About 41 percent of Hispanic adults in the United States have below basic literacy skills, according to the National Institute of Literacy. The rates for other demographic groups are as follows:
- Black – 24 percent
- White – 9 percent
- Other – 13 percent
Simon, who used to work for Head Start, said many of the preschoolers’ parents, regardless of their race, want to get their GED and cannot read well enough to do so.
“If you’re reading below the fifth-grade level, you have a lot of pre-work to do,” she said.
That’s one of the reasons she helped create the tutoring program, which is now in its sixth year.
This fall, Literacy Delaware is also kicking off a pilot program for parents with kids at Shortlidge Academy and Warner Elementary School, which has some of the lowest test scores in the state.
Last year, about 27 percent of third-graders at Warner were proficient in English, according to state test scores.

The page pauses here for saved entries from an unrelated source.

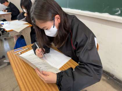 ささいな音すらはばかれるほどの静けさに満ちた教室です。みんな真剣そのもの!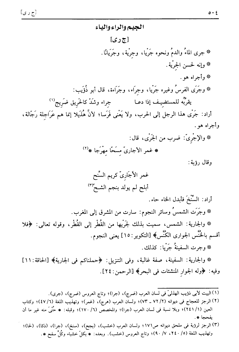 وجَرَى الْفرس وَغَيره جَرْيا، وجِرَاء، وجَرَاءة، قَالَ أَبُو ذُؤَيْب: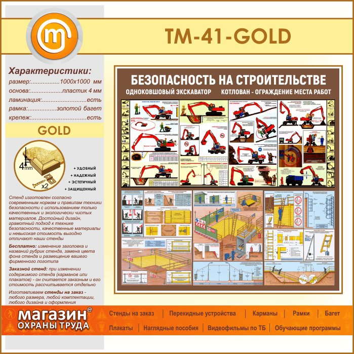 Стенд «Безопасность земляных работ. Экскаватор, котлован» (TM-41-GOLD) в Магнитогорске купить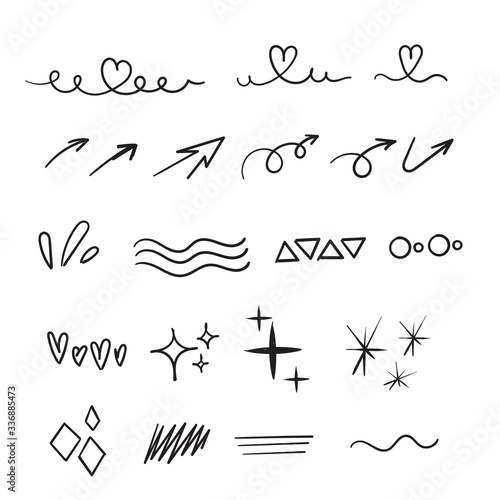 Wall mural hand drawn set of doodle elements. black and white linear pattern. sketch style vector collection. c - Wall murals Wall mural hand drawn set of doodle elements. black and white linear pattern. sketch style vector collection. c - Wall murals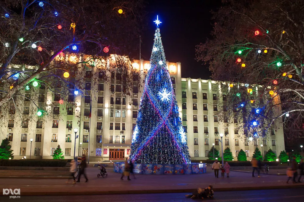 Ёлка перед зданием администрации Краснодарского края (фоторепортаж)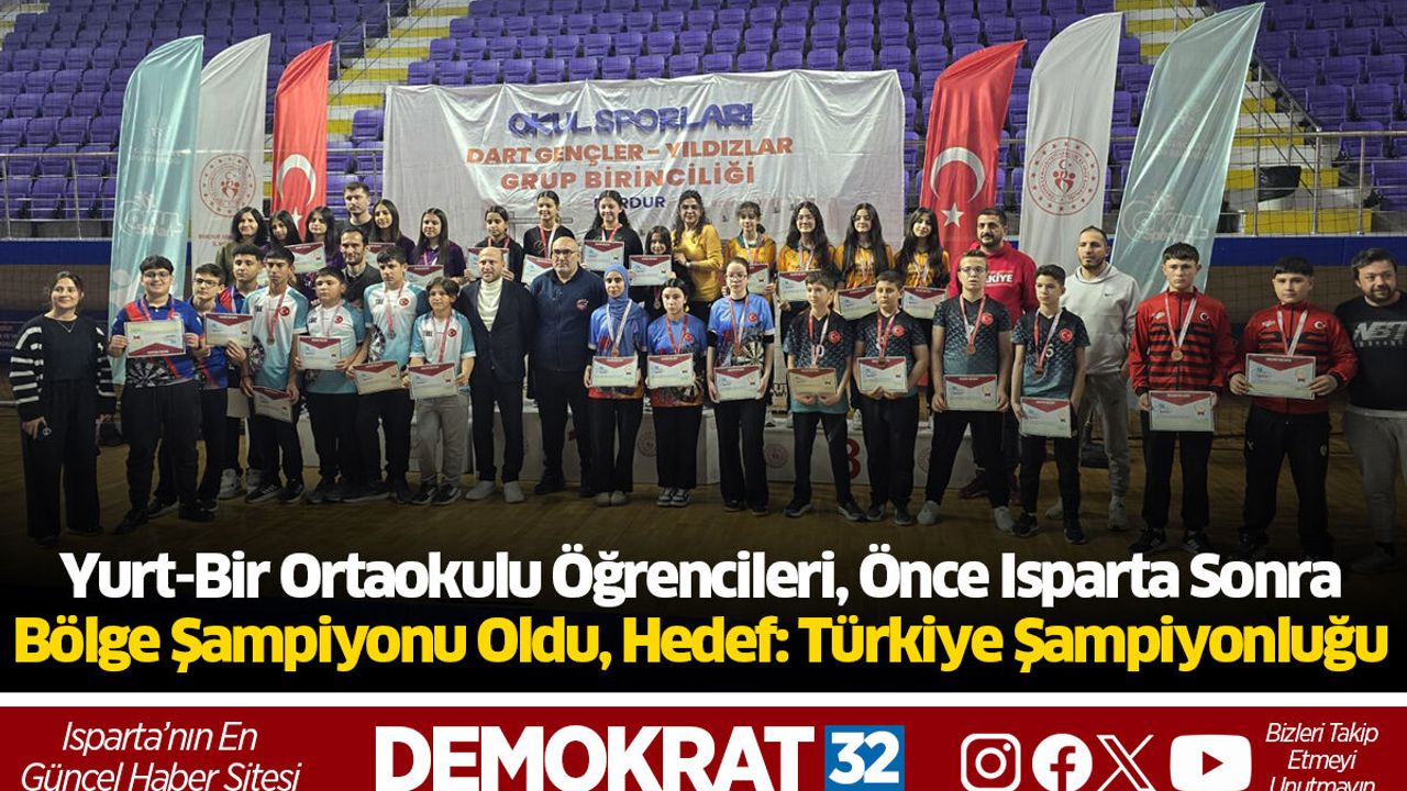 Isparta’da bu yıl eğitim hayatına başlayan Yurt-Bir Ortaokulu, sportif başarılarıyla kısa sürede adından söz ettirmeyi başardı. Okulun Yıldız Kız Dart Takımı, Burdur’da düzenlenen Bölge Grup Maçları’nda büyük bir başarıya imza atarak 16 farklı ilden gelen rakiplerini geride bıraktı ve şampiyon oldu.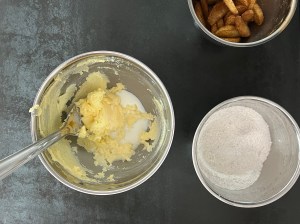 Efter det blandar jag alla torra ingredienser förutom sockret, till en mjölmix. Jag rör samman mjukt smör och socker. Tillsätter mjölken och rör/vispar jämnt. Efter det tillsätter jag ett ägg i taget och vispar ut till en smet.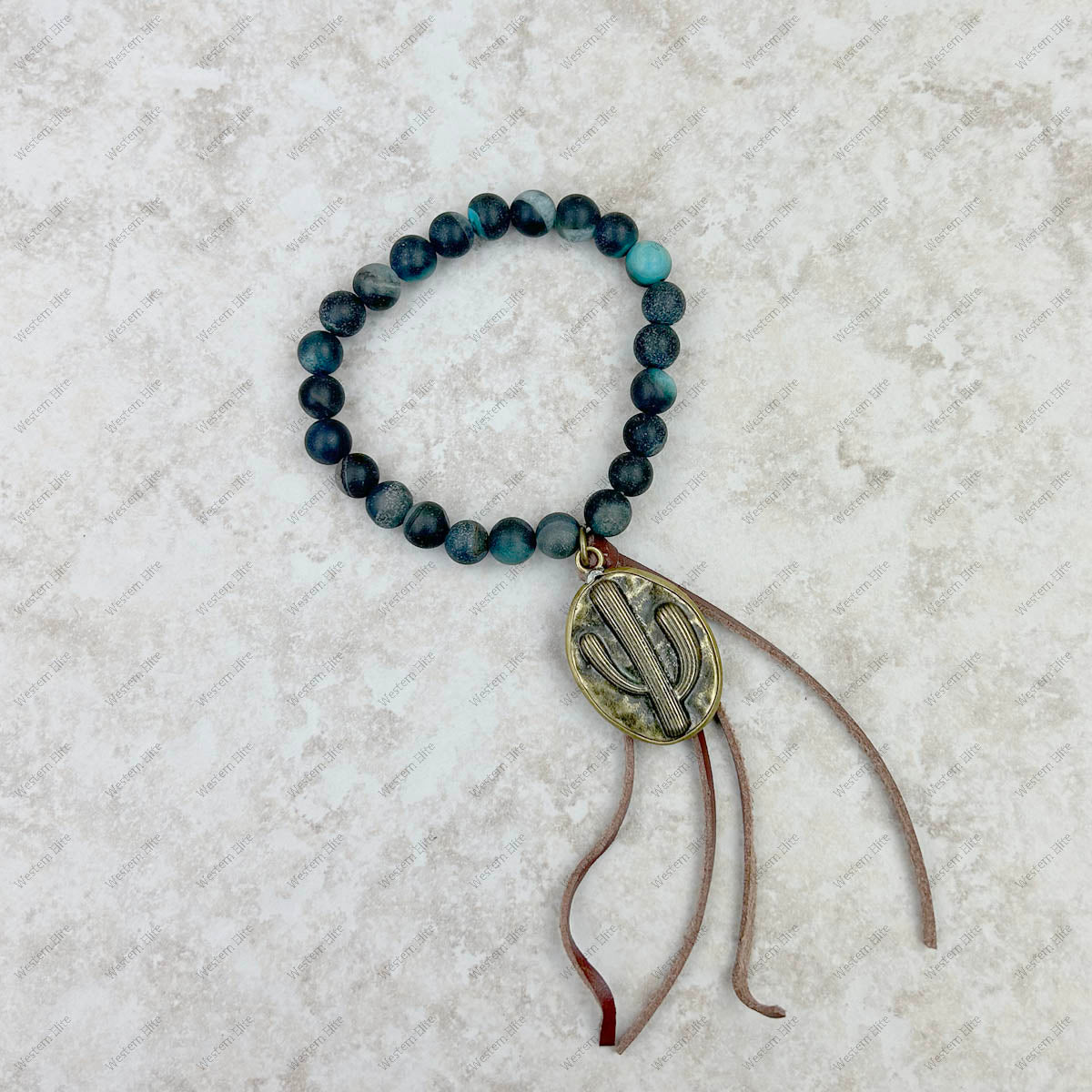 | Dark blue jasper Bracelet with tassel and metal cactus pendent |

About 6 percent of students there are English language learners, while 17 percent are Hispanic/Latino and 76 percent are African-American. About 83 percent come from low-income families.
Creating a healthier community
Helping adults improve their literacy skills can also create a healthier community, Simon said.
Many immigrants, like Lopez, have a hard time communicating with doctors when they first come to the United States and cannot make appointments for themselves or their children.
Simon remembered one mom in the Parents Learning English at School program who, after hearing from a guest speaker on breast health, shared concerns about a lump on her chest.
“It ended up being benign, but she called and made an appointment, in English,” Simon said.
Financial health is also a big focus of the program, and those who cannot read and do math often have higher rates of unemployment and earn lower wages than the national average.
Low literacy costs the U.S. at least $225 billion each year in non-productivity in the workforce, crime and loss of tax revenue due to unemployment, according to the National Council for Adult Learning.
Esneyder Lopez, whose grandson, Jacob, is in Head Start, joined the Parents Learning English at School program because he wants to find a steady job.
The 52-year-old and his family fled Columbia for the United States about seven years ago after he and his sister were kidnapped by a drug cartel and held for ransom. They were successful business owners there and had a clothing factory, but had to leave everything behind.
Though Lopez has an MBA from Fairleigh Dickinson University in New Jersey, he has struggled to find a job because of his limited English skills. He worked as a cleaner for several years, but suffered nerve damage in a fall and is now completely numb on his left side.
“I need to learn English,” said Lopez, who lives with his husband, daughter, and grandson in Elsmere. “I need to find a good job.”
“It’s good for communication. I don’t know how to say many things. First, I think it in Spanish, then I translate into English, and then I talk.”
Judy Crescenzi is helping Lopez and like all of the program’s specially trained tutors, volunteers her time to do so.
“What I like is he’s serious about learning,” she said, adding that many of the parents and grandparents in the program also learn a fair amount of English from their children, who tend to pick it up more quickly.
“He is one of the most advanced, but still wants to improve.”